Twenty years ago, America changed. Twenty years ago, the world changed.
Twenty years ago, a clear line demarcated life before and after 8:46:40am EDT that fateful day. Twenty years ago, it was impossible to imagine the world 20 years later.
How one marks September 11 – or “9/11,” as most Americans refer to that date – is highly personal. To call the day an “anniversary” of those tragic events may be accurate, but it also seems strange to use a word that usually denotes the celebration of a joyous annual commemoration.
What is certain, however, is that 9/11 is a moment for remembrance and reflection: Remembrance of what happened and of those who were directly and indirectly affected, and reflection on what it meant and still means.
This is certainly a day anyone alive and aware on 9/11 remembers in almost granular detail.
For my generation, it was comparable to President Kennedy’s assassination. My parents and people of their generation recall 9/11 with the same clarity they remembered not only the day JFK was killed, but the attack on Pearl Harbor.

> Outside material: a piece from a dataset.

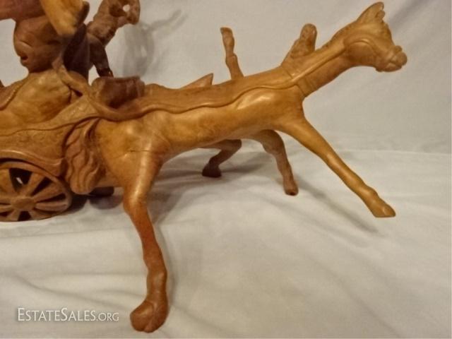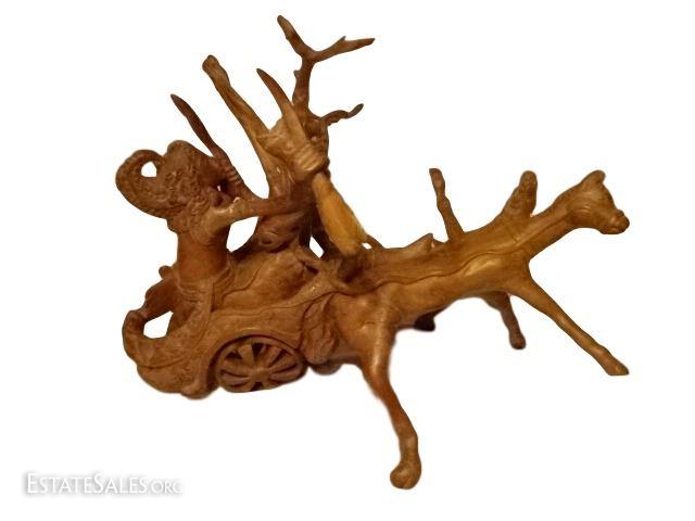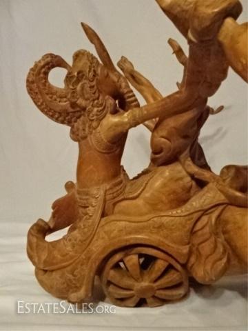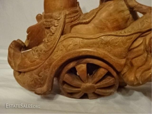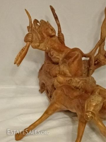 LOT 39D: LARGE ASIAN TEAK ROOT SCULPTURE, WARRIORS ON CHARIOT WITH ANIMALS, CARVED FROM A SINGLE ROOT, REPAIR TO ARM, 27"D X 27"W X 21"H
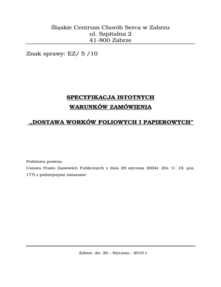 Śląskie Centrum Chorób Serca w Zabrzu ul. Szpitalna 2 41-800 Zabrze Znak sprawy: EZ/ 5 /10 SPECYFIKACJA ISTOTNYCH WARUNKÓW ZAMÓWIENIA „DOSTAWA WORKÓW FOLIOWYCH I PAPIEROWYCH” Podstawa prawna: Ustawa Prawo Zamówień Publicznych z dnia 29 stycznia 2004r. (Dz. U. 19, poz. 177) z późniejszymi zmianami Zabrze, dn. 26 – Stycznia - 2010 r. Śląskie Centrum Chorób Serca w Zabrzu ul. Szpitalna 2 41-800 Zabrze SPECYFIKACJA ISTOTNYCH WARUNKÓW ZAMÓWIENIA Przetarg nieograniczony na „DOSTAWA WORKÓW FOLIOWYCH I PAPIEROWYCH” Spis treści : Rozdział 1 Zamawiający Rozdział 2 Opis przedmiotu Zamówienia Rozdział 3 Opis sposobu przygotowania oferty Rozdział 4 Opis sposobu obliczania ceny oferty Rozdział 5 Wymagania Zamawiającego Rozdział 6 Dokumenty wymagane od Wykonawców Rozdział 7 Kryteria oceny Rozdział 8 Termin realizacji zamówienia Rozdział 9 Składanie ofert Rozdział 10 Tryb udzielania wyjaśnień Rozdział 11 Termin związania ofertą Rozdział 12 Otwarcie ofert Rozdział 13 Osoby upoważnione do kontaktów z Wykonawcami Rozdział 14 Zagadnienia dotyczące umowy Rozdział 15 Środki odwoławcze Załączniki ( 1 – 6) - załącznik nr 1 formularz oferty - załącznik nr 2 oświadczenie zgodne z wymogami art. 22 ( część I i II ) ustawy pzp - załącznik nr 3 oświadczenie zgodne z wymogami art. 24 ustawy pzp - załącznik nr 4 projekt umowy - załącznik nr 5 Pakiet 2 I. ZAMAWIAJĄCY Śląskie Centrum Chorób Serca w Zabrzu ul. Szpitalna 2, 41-800 Zabrze Tel. / Fax . 032/ 373-36-68 Strona internetowa : www.sccs.pl Adres e-mail do kontaktów z Zamawiającym : [email protected] II. OPIS PRZEDMIOTU ZAMÓWIENIA Dostawę worków foliowych i papierowych zawartych w pakietach – Pakiet nr 1 (zał. nr 5). CPV 33.77.10.00-5 1. Zamawiający wyklucza możliwość składania ofert wariantowych III. 1. OPIS SPOSOBU PRZYGOTOWANIA OFERTY Aby oferta mogła brać udział w ocenie powinna spełniać wymogi Ustawy Prawo Zamówień Publicznych i niniejszej specyfikacji. 2. Oferta składana przez Wykonawcę winna być sporządzona w języku polskim. 3. Ofertę stanowią załączniki : nr 1 , nr 3 , nr 5 oraz inne oświadczenia woli podpisane przez Wykonawcę. 4. W załączniku nr 2 – oświadczenie art.22 Wykonawca może polegać na własnej wiedzy, doświadczeniu, potencjale technicznym, osobach zdolnych do wykonania zamówienia i zdolnościach finansowych może też polegać na wiedzy i doświadczeniu, potencjale technicznym, osobach zdolnych do wykonania zamówienia lub zdolnościach finansowych innych podmiotów, niezależnie od charakteru prawnego łączących go z nimi stosunków. Wykonawca w takiej sytuacji zobowiązany jest udowodnić Zamawiającemu, iż będzie dysponował zasobami niezbędnymi do realizacji zamówienia, w szczególności przedstawiając w tym celu pisemne zobowiązanie tych podmiotów do oddania mu do dyspozycji niezbędnych zasobów na okres korzystania z nich przy wykonaniu zamówienia. 5. Wykonawca winien spełniać wszystkie warunki wymagane w punkcie V. 3 6. Oferta winna być podpisana przez osobę upełnomocnioną do reprezentowania firmy, co musi wynikać z załączonych do oferty dokumentów. 7. Wszystkie kartki Oferty winny być połączone w sposób trwały uniemożliwiający ich wysunięcie się ,ponumerowane, a każda kartka podpisana /zgodnie z pkt.6/. 8. Wszelkie poprawki lub zmiany w ofercie winny być podpisane własnoręcznie przez osobę podpisującą Ofertę /zgodnie z pkt.6/. 9. Zamawiający poprawia oczywiste omyłki rachunkowe, z uwzględnieniem konsekwencji rachunkowych dokonanych poprawek . Przez oczywiste omyłki rachunkowe Zamawiający rozumie - wadliwy wynik działania arytmetycznego przy założeniu, że właściwie podana jest liczba jednostek miar i cena jednostkowa netto. 10. Jeżeli cena oferty lub części zamówienia (pakiet) podano rozbieżnie słownie i liczbą lub podano różne ceny w różnych częściach oferty, przyjmuje się, że prawidłowo podano ten zapis, który odpowiada dokonanemu obliczeniu ceny. 11. Każdy Wykonawca może złożyć tylko jedną ofertę . 12. Wykonawca nie może złożyć kilku alternatywnych Ofert . 13. Nie dopuszcza się składania Ofert wariantowych. 14. Ofertę należy umieścić w kopercie zamkniętej w sposób gwarantujący zachowanie w poufności jej treści. 15. Koperta ma być zaadresowana na : ŚLĄSKIE CENTRUM CHORÓB SERCA Ul. Szpitalna 2 41-800 Zabrze oraz oznaczona napis PRZETARG NIEOGRANICZONY NA „DOSTAWA WORKÓW FOLIOWYCH I PAPIEROWYCH” 16. Koperta musi być również opisana nazwą i adresem Wykonawcy. 17. Zamawiający odrzuca ofertę, jeżeli: 1) jest niezgodna z ustawą; 4 2) jej treść nie odpowiada treści Specyfikacji Istotnych Warunków Zamówienia (z zastrzeżeniem art. 87 ust.2 pkt3 Ustawy Prawo Zamówień Publicznych) ; 3) jej złożenie stanowi czyn nieuczciwej konkurencji w rozumieniu przepisów o zwalczaniu nieuczciwej konkurencji; 4) zawiera rażąco niską cenę w stosunku do przedmiotu zamówienia; 5) została złożona przez wykonawcę wykluczonego z udziału w postępowaniu o udzielenie zamówienia lub nie zaproszonego do składania ofert; 6) zawiera błędy w obliczeniu ceny; 7) Wykonawca w terminie 3 dni od dnia otrzymania zawiadomienia nie zgodził się na poprawienie omyłki o której mowa w art. 87 ust. 2 pkt. 3 Ustawy Prawo Zamówień Publicznych; 8) jest nieważna na podstawie odrębnych przepisów. 9) Wykonawca nie złożył wyjaśnień wraz z dowodami, że oferta nie zawiera rażąco niskiej ceny, 18. Z postępowania o udzielenie zamówienia wyklucza się: 1) Wykonawców, którzy wyrządzili szkodę, nie wykonując zamówienia lub wykonując je nienależycie, jeżeli szkoda ta została stwierdzona orzeczeniem sądu, które uprawomocniło się w okresie 3 lat przed wszczęciem postępowania; 2) Wykonawców, w stosunku do których otwarto likwidację, lub których upadłość ogłoszono, z wyjątkiem Wykonawców, którzy po ogłoszeniu upadło

In all these cases, there is the shared sense of something lost and forever changed, as well as the feeling that from one instant to the next, one crossed an invisible line that one could never recross.
I wish all AARO members and all American overseas well on this solemn day, and express my heartfelt condolences, sympathy, and solidarity to those touched by what happened 20 years ago.
I also express the hope that, as Americans, we can all reconnect with the shared sentiment 9/11 generated in the days that followed, that, despite the shock of the attack and amid its tears, America would find the strength to absorb the blow, bury the dead, heal the wounded, and endure.
Finally, I remind everyone that since 2011, this day has been known as Patriot Day, to encourage us all to think about what America is, and how we can play our part to, as the preamble to the Constitution says, “form a more perfect union.”
God bless America and God bless all of you,
William Jordan is president of the Paris-based Association of Americans Resident Overseas. AARO was founded in 1973 by Phyllis Michaux and a group of other Americans who were concerned about the way they thought – even then – that the U.S. government was neglecting those of its citizens who lived abroad.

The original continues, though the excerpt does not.